Our library can also be used on more complicated molecules, for example Brevetoxin:

$ irb
irb(main):001:0> require 'inchi'
./inchi.rb:3:Warning: require_gem is obsolete.  Use gem instead.
/usr/local/lib/ruby/gems/1.8/gems/rcdk-0.3.0/lib/rcdk/java.rb:26:Warning: require_gem is obsolete.  Use gem instead.
=> true
irb(main):002:0> include InChI
=> Object
irb(main):003:0> inchi='InChI=1/C49H70O13/c1-26-17-36-39(22-45(52)58-36)57-44-21-38-40(62-48(44,4)23-26)18-28(3)46-35(55-38)11-7-6-10-31-32(59-46)12-8-14-34-33(54-31)13-9-15-43-49(5,61-34)24-42-37(56-43)20-41-47(60-42)30(51)19-29(53-41)16-27(2)25-50/h6-8,14,25-26,28-44,46-47,51H,2,9-13,15-24H2,1,3-5H3/b7-6-,14-8-' #brevetoxin a
=> "InChI=1/C49H70O13/c1-26-17-36-39(22-45(52)58-36)57-44-21-38-40(62-48(44,4)23-26)18-28(3)46-35(55-38)11-7-6-10-31-32(59-46)12-8-14-34-33(54-31)13-9-15-43-49(5,61-34)24-42-37(56-43)20-41-47(60-42)30(51)19-29(53-41)16-27(2)25-50/h6-8,14,25-26,28-44,46-47,51H,2,9-13,15-24H2,1,3-5H3/b7-6-,14-8-"
irb(main):004:0> inchi_to_png inchi, 'brevetoxin.png', 300, 200
=> nil

This produces the following image:

Conclusions

While our library could certainly be improved, it solves what otherwise would be a very difficult problem conveniently. Areas for further work include error handling and improving the appearance of the images (the latter is the aim of Firefly).
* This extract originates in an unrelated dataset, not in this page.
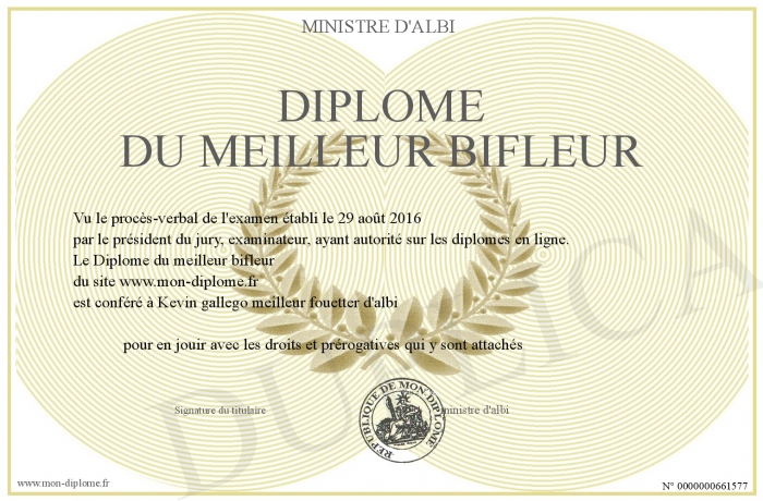 Envoyez par email votre Diplôme du meilleur bifleur personalisé
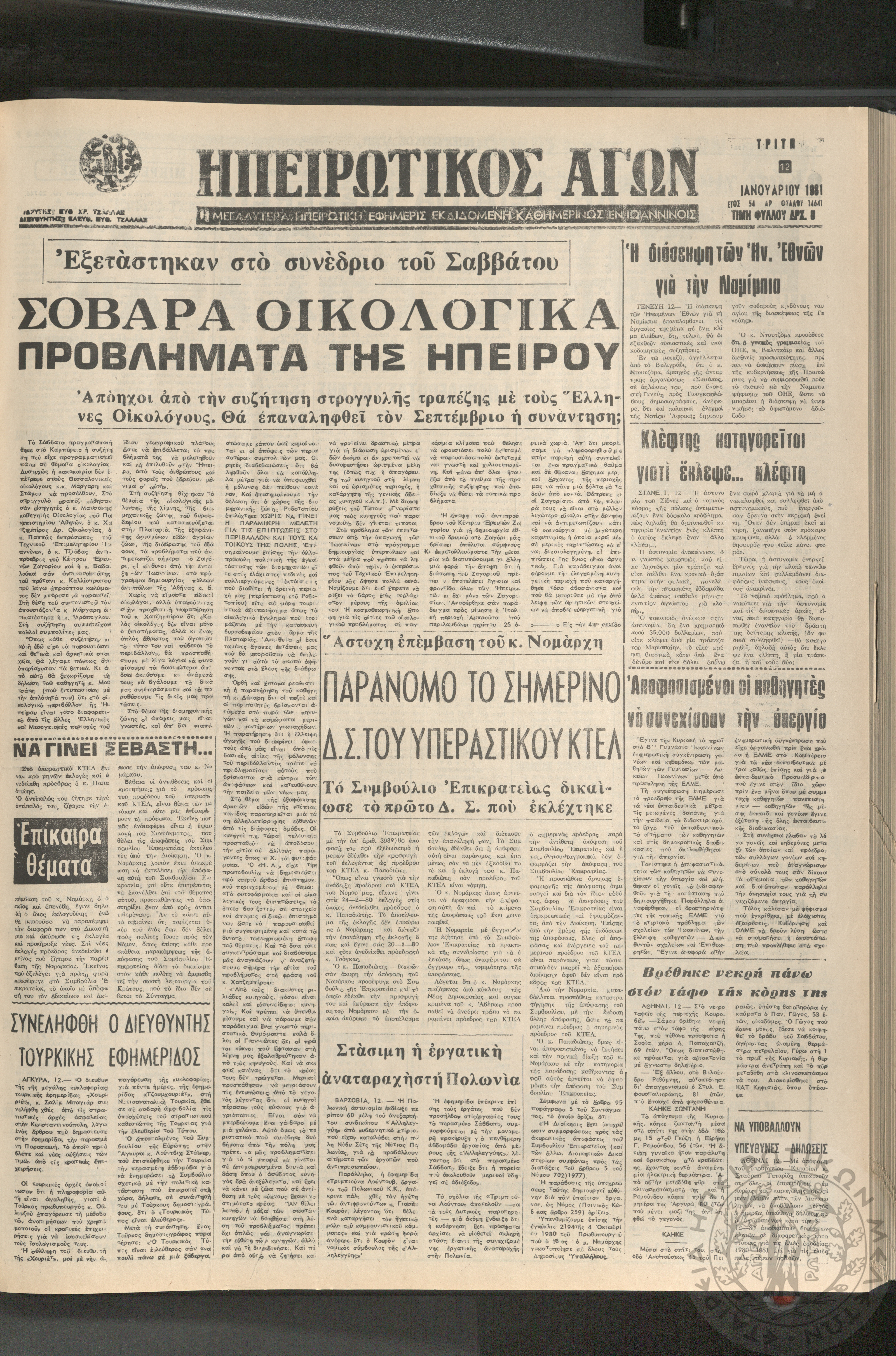 Ηπειρωτικός Αγών: η μεγαλυτέρα Ηπειρωτική εφημερίς εκδιδόμενη καθημερινώς εν Ιωαννίνοις, φ. 14649Έτος 54, φ. 14649...

Despite the fact that three programming languages are used (Ruby, C++, and Java), this complexity is neatly encapsulated behind a simple Ruby interface.

Given a molecule with no 2D coordinates, how would you render a human-readable view? This problem arises in many situations, but most commonly in the context of interpreting line notations such as IUPAC nomenclature, SMILES, or InChI. Whatever the solution you come up with, you'll come face-to-face with the structure diagram generation (SDG) problem.

Generating 2D molecular coordinates is a fundamental (and remarkably difficult) problem in cheminformatics. Discussions in the primary literature date back to at least the 1970s with Chemical Abstract Service's pioneering large-scale efforts. A recent article from Chemical Computing Group (CCG) described the design and implementation of an advanced SDG system. To my knowledge, the only open source implementation of an SDG system is found in the Chemistry Development Kit, and by extension Ruby CDK.

The SDG problem plays an important role in the aesthetics of chemical structure diagrams, as mentioned by two readers. To render a molecule aesthetically, 2D coordinates must minimize confusing atom overlaps, unconventional orientations, and unusual bond angles.

The role of SDG in cheminformatics can only continue to increase in importance, especially as more and more structures are automatically generated through mining the primary literature, the Internet, old PDFs, and other sources. With all of these new computer-generated structures will come the need to make them readily understandable to a chemist through SDG.